Inverse-design of nonlinear mechanical metamaterials via video denoising diffusion models
Jan-Hendrik Bastek, Dennis M. Kochmann
TL;DR
This work tackles the inverse design of nonlinear metamaterials by leveraging a video denoising diffusion model trained on full-field deformation data from FE simulations of 2D periodic cellular structures. The method learns to map target nonlinear stress–strain responses to plausible microstructural designs while simultaneously predicting the full deformation path and internal stress distributions, including buckling and contact, in a single framework. It demonstrates accurate forward predictions (full-field σ22 and the resulting stress–strain curves) and exposes the probabilistic design space, enabling multiple viable designs for a given target. The approach offers a path to rapid, physically interpretable material design for soft robotics, biomedical implants, and impact mitigation, with potential extensions to other physics and design representations.
Abstract
The accelerated inverse design of complex material properties - such as identifying a material with a given stress-strain response over a nonlinear deformation path - holds great potential for addressing challenges from soft robotics to biomedical implants and impact mitigation.
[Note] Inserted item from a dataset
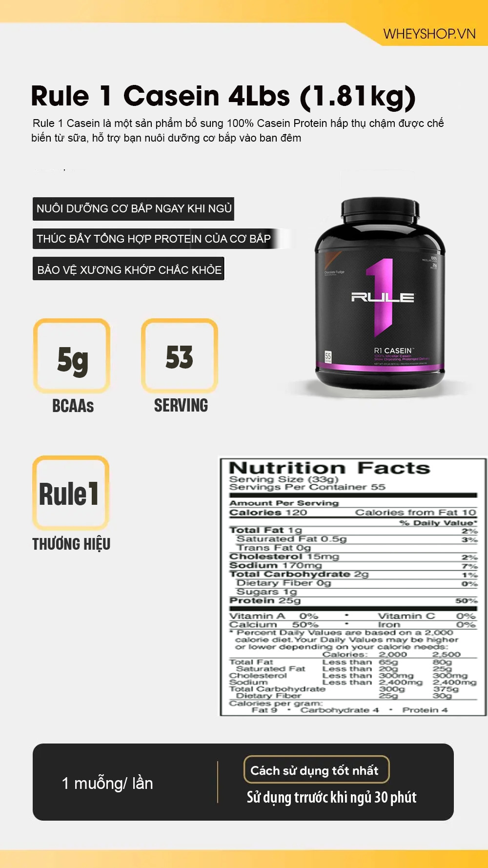 Rule 1 Casein giúp bổ sung nguồn protein hấp thụ chậm (khoảng 8 tiếng) để nuôi dưỡng cơ bắp của bạn vào ban đêm, để cơ không bị “đói” và hạn chế tối đa hiện tượng dị hóa cơ bắp.

While machine learning models have provided such inverse mappings, they are typically restricted to linear target properties such as stiffness. To tailor the nonlinear response, we here show that video diffusion generative models trained on full-field data of periodic stochastic cellular structures can successfully predict and tune their nonlinear deformation and stress response under compression in the large-strain regime, including buckling and contact. Unlike commonly encountered black-box models, our framework intrinsically provides an estimate of the expected deformation path, including the full-field internal stress distribution closely agreeing with finite element simulations. This work has thus the potential to simplify and accelerate the identification of materials with complex target performance.